We recommend alternatives to the power-based approach for choosing and justifying sample sizes for early studies of new ideas. An established alternative in the statistical literature is the “value of information” approach (4
), but this has rarely been used in practice. It calculates both the cost and value that can be expected over a range of sample sizes, choosing the one that maximizes value minus cost. The methods, however, may be too complex for frequent use with early studies.
A more recent proposal is to examine nine possibilities for the estimated effect and confidence interval that a study may produce (1
). These possibilities result from three different possible effect sizes (the one that is expected or hoped for, no effect, and a possibility in between) and three levels of background uncertainty (best guess, high uncertainty, and low uncertainty). A proposal then discusses how valuable the study would be under each possibility.
Another recently developed approach focuses on costs and diminishing returns to select sample sizes that cannot be validly criticized as “inadequate”, because they produce more projected value per dollar spent than any larger sample size (2
). Although the projected value of a study is difficult to quantify, specific projections are not needed for these methods: they rely only on the fact that projected value has diminishing marginal returns, which holds true regardless of how projected value is quantified (2
). For early studies, statistical arguments show that such a sample size is a choice called nroot
. This is determined by examining the projected total cost of the study at different possible sample sizes and then choosing the sample size that minimizes the ratio of total cost to the square root of the sample size. A spreadsheet performing the calculations is available as a supplemental file for reference (1
). The calculations are particularly simple if the total study cost is the sum of fixed costs, which do not depend on sample size, plus a set cost per subject. In such a linear cost case, nroot
is equal to the total fixed study costs divided by the incremental cost per subject.
Using nroot to plan a sample size can appropriately adapt to the cost concerns of innovative studies. Higher incremental costs per subject reduce nroot, reflecting the practical reality that very high per-subject costs make smaller sample sizes more desirable. When costs are extreme, nroot may be very small (even N=1), but in such cases larger sample sizes will often be impractical. Reviewers and funders must then evaluate whether a small and expensive study is worthwhile.
While we recommend using nroot
for innovative studies, sample sizes larger than nroot
might also be justifiable, especially when the idea is promising enough that the money spent to increase sample size above nroot
produces added projected value that exceeds the added expense (22
).

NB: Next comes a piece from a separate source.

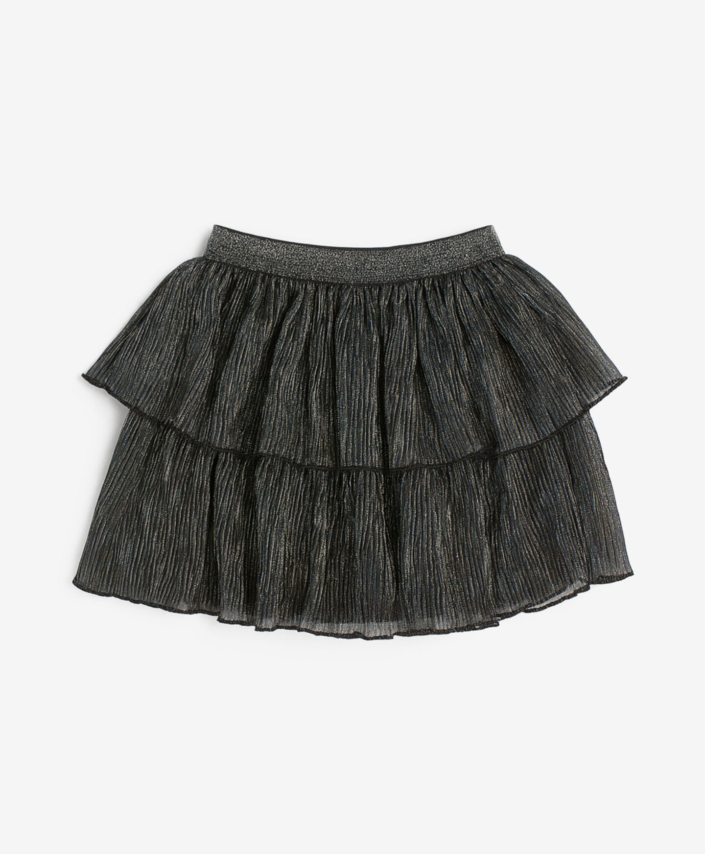 Suknja s metalik koncem za djevojčice je lagana, prozračna i moderna. Savršena za porodična okupljanja ili školske zabave. Elastični pojas osigurava savršeno pristajanje i udobnost tokom nošenja.

Large studies may be practical for some innovative ideas, and we advocate more tolerance regarding sample size rather than a new form of knee-jerk intolerance directed at highly innovative studies with large sample sizes.
Finally, although the preceding approaches are valid and worthy of consideration, investigators may simply choose a sample size that has worked well for similar past studies. This approach lacks a theoretical justification but appeals to common sense. Importantly, such choices will generally seem reasonable and be affordable, making them a suitable solution in many cases. These common sense sample size determinations are familiar to most who do these types of studies, but they are difficult to justify to reviewers and regulators looking for an approach that seems more rigorous and objective.